§ **REQUIRED WORK**: All that should be output is the block of lines below from the line with "Пакет подарочный новогодний" to the line with "分党校第四十期入党积极分子暨", both included, exactly as written.
---------- DATA SHOWN
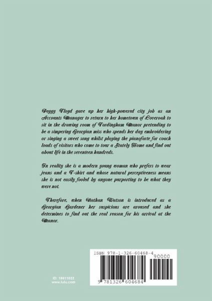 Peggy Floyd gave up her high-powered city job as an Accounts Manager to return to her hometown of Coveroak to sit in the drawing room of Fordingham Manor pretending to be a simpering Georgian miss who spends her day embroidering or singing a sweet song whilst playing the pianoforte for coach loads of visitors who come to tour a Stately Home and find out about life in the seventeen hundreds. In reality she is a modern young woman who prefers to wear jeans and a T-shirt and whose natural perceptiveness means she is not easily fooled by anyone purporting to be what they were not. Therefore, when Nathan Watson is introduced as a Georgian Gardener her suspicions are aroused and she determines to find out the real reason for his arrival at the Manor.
--------------------
---------- DATA SHOWN
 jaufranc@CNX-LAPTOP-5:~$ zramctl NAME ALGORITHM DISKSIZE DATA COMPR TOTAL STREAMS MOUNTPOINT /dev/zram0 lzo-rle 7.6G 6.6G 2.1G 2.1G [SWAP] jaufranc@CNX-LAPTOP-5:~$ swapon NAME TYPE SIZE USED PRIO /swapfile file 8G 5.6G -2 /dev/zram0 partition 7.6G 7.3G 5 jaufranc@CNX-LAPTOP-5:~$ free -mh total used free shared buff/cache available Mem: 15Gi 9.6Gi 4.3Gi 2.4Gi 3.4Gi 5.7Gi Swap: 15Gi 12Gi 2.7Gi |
--------------------
---------- DATA SHOWN
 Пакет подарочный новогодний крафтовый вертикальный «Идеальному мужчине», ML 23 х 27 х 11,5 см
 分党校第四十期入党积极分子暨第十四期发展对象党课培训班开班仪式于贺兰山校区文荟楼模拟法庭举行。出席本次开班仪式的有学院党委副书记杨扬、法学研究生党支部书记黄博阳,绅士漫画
--------------------
§ **WRITTEN SOLUTION**:
 Пакет подарочный новогодний крафтовый вертикальный «Идеальному мужчине», ML 23 х 27 х 11,5 см
 分党校第四十期入党积极分子暨第十四期发展对象党课培训班开班仪式于贺兰山校区文荟楼模拟法庭举行。出席本次开班仪式的有学院党委副书记杨扬、法学研究生党支部书记黄博阳,绅士漫画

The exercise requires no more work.